U.S. corn dominance may be waning due to drought
Asian countries may no longer look toward the United States for its corn needs after a severe drought this past summer shriveled crops and sent corn prices soaring. As a result, the U.S. may be losing its dominance as a corn export powerhouse, according to foreign grain buyers at the Export Exchange industry conference this week in Minneapolis.
Importers from Asia, including South Korea, Taiwan and Japan have been buying feed from South America and producers in the Black Sea region instead of the United States, Reuters reported. It is also reported that China has not purchased any U.S. corn since mid-summer. Projections are that China will not buy any U.S. corn until the spring of 2013 and only if prices are closer to the $6 level, according to the grain buyers at the conference.
Argentina supplied China with corn for the first time this year as a result of higher priced corn from the United States.

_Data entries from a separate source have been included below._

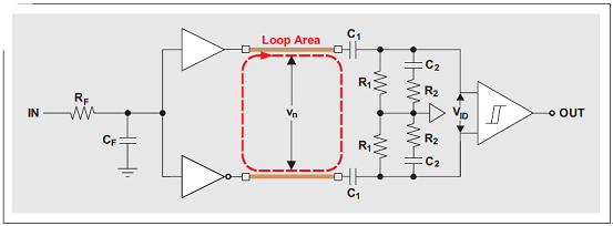 電容隔離器由兩塊硅芯片—一個(gè)發(fā)送器和一個(gè)接收機(jī)組成(請(qǐng)參見圖 2)。數(shù)據(jù)傳輸在由兩個(gè)電容構(gòu)成的差動(dòng)隔離層之間進(jìn)行,在每個(gè)電容的二氧化硅 (SiO2) 電介質(zhì)兩端都有一塊銅頂片和一個(gè)導(dǎo)電硅底片。發(fā)送器芯片的驅(qū)動(dòng)器輸出通過一些接合線連接到接收機(jī)芯片上隔離電容的頂片。通過將電容的底片連接接收機(jī)輸入構(gòu)成了一個(gè)導(dǎo)電環(huán)路。圖 3 顯示了隔離層的等效電路結(jié)構(gòu)圖,并標(biāo)示出了金接合線之間的環(huán)路區(qū)域。很明顯,穿過該環(huán)路的磁場(chǎng)將會(huì)產(chǎn)生一個(gè) EMF,其表示下面 RC 網(wǎng)絡(luò)的輸入電壓噪聲 Vn1。我們常常碰到的第二種差動(dòng)噪聲部分 Vn2,其產(chǎn)生原因是共模噪聲到差動(dòng)噪聲的轉(zhuǎn)換。兩個(gè)噪聲分量共同組成了綜合噪聲 Vn。如果只考慮 EMF 的影響,則可以保守地將 Vn 一分為二:
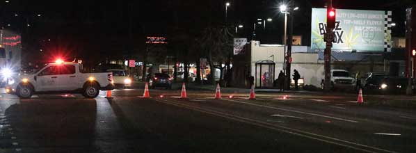 Along SE Powell Boulevard, at the intersection of 84th Avenue – that’s the dividing line between the Lents and Powellhurst-Gilbert neighborhoods – a woman crossing the street was hit by a passing vehicle after dark on Tuesday evening, February 4.
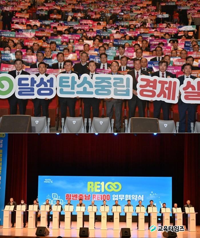 [±³À°Å¸ÀÓÁî/Ãæ³²] °¡µÎÈ£ ±âÀÚ = ź¼ÒÁ߸³°æÁ¦Æ¯º°µµ¸¦ ¼±¾ðÇÏ°í ´ëÇѹα¹ ź¼ÒÁ߸³ ½ÇÇö¿¡ ¾ÕÀå¼°í ÀÖ´Â Ãæ³²µµ°¡ RE100(±â¾÷ »ç¿ë Àü·ÂÀÇ 100%¸¦ Àç»ý¿¡³ÊÁö·Î ÀüȯÇÏ´Â ±¹Á¦ Ä·ÆäÀÎ) È®»êÀ» À§ÇØ °ü·Ã ±â°ü¡¤±â¾÷µé°ú ¼ÕÀ» ¸ÂÀâ¾Ò´Ù.
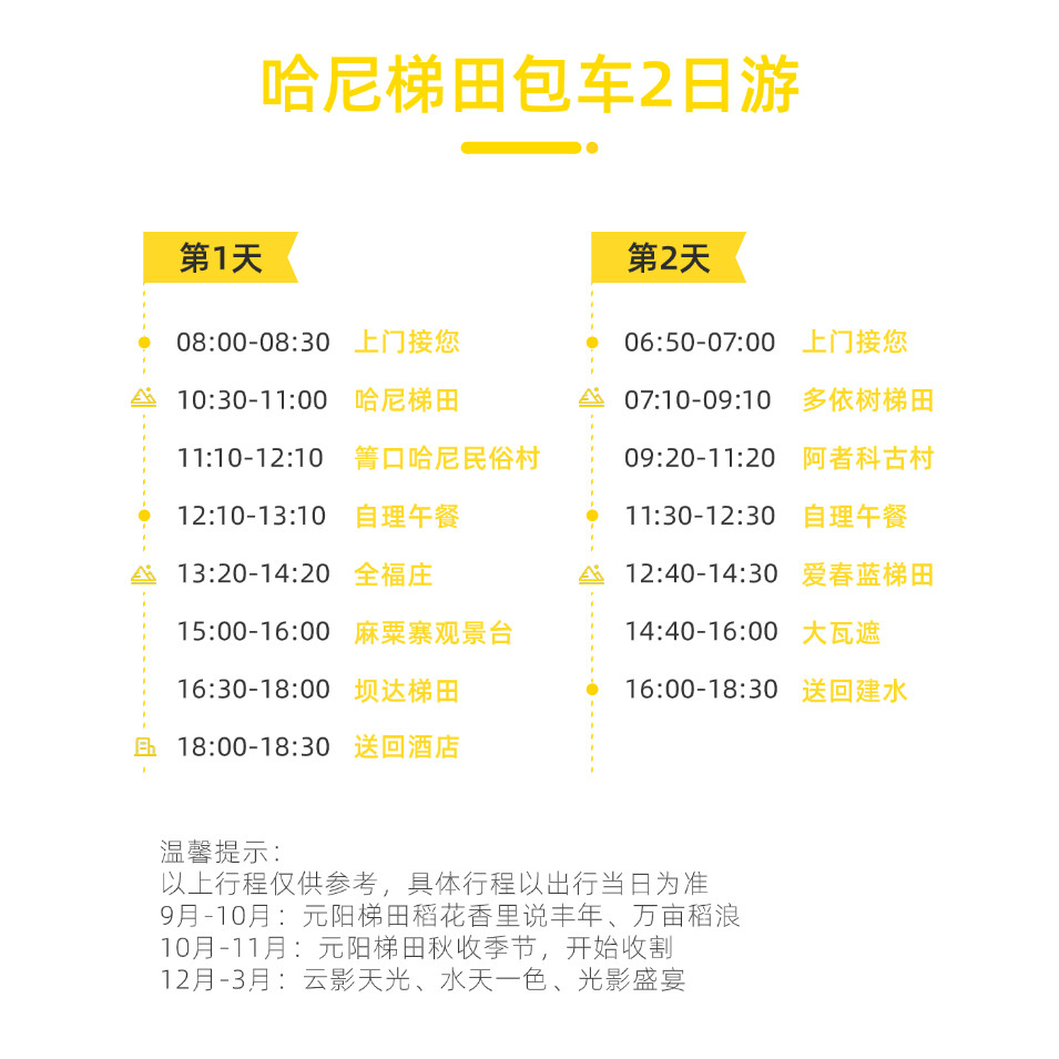本产品支持1人即可成团预订,特别适合独自出差或临时起意的商务人士。无需拼团等待,行程可完全根据您的时间安排和兴趣点自由定制,无论是清晨拍摄梯田日出,还是午后探访哈尼村落,都能灵活协调。包车服务全程待命,省去公共交通衔接烦恼,让差旅中的短暂假期高效又舒心。

“The floor of competition for U.S. grain production rises every day. This year is a wake-up year for us with the short crop we had,” said Thomas Sleight, president and CEO of the U.S. Grains Council, which hosted the conference.
“I would hope that the U.S. farmer comes back and comes back strong, flexing their competitive muscle. But certainly, the doors have been opened for the other suppliers,” he told Reuters.
The industry is concerned over the shift to South American exporters. Losing Asia’s market share could be a big concern. Brazil and Argentina appear to be making up for the lack of corn supply in the U.S. with bumper crops of their own.
Although traders cite U.S. corn as good quality, they simply cannot afford to make the purchase.